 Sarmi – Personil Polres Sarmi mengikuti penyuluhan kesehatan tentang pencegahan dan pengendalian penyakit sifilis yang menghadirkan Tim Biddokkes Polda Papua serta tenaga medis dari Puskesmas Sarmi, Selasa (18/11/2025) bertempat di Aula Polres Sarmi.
--
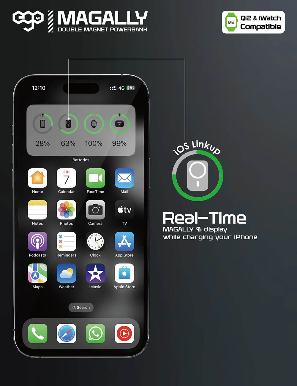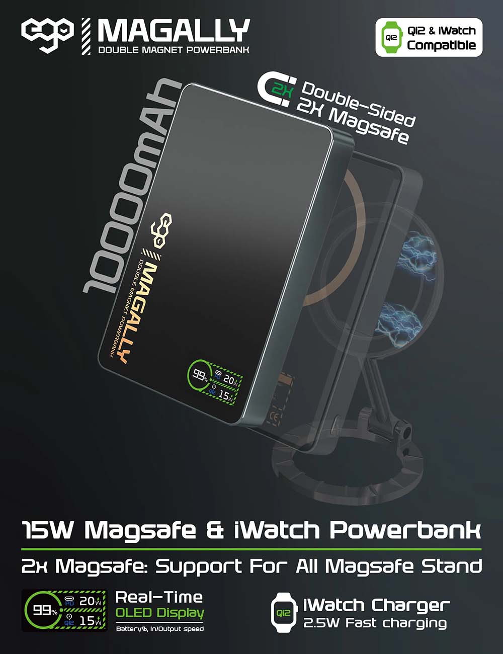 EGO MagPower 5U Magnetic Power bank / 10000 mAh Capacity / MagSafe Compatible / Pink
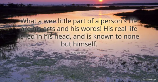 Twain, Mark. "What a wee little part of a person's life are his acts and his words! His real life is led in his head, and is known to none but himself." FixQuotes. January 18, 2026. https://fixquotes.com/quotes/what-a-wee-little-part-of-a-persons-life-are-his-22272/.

ASSIGNMENT — Going by the data above, the answer is exactly the lines from the one holding "EGO MagPower 5U" to the one holding "a wee little", both kept, with the pictures left out.

EXPECTED ANSWER —
 EGO MagPower 5U Magnetic Power bank / 10000 mAh Capacity / MagSafe Compatible / Pink
 Twain, Mark. "What a wee little part of a person's life are his acts and his words! His real life is led in his head, and is known to none but himself." FixQuotes. January 18, 2026. https://fixquotes.com/quotes/what-a-wee-little-part-of-a-persons-life-are-his-22272/.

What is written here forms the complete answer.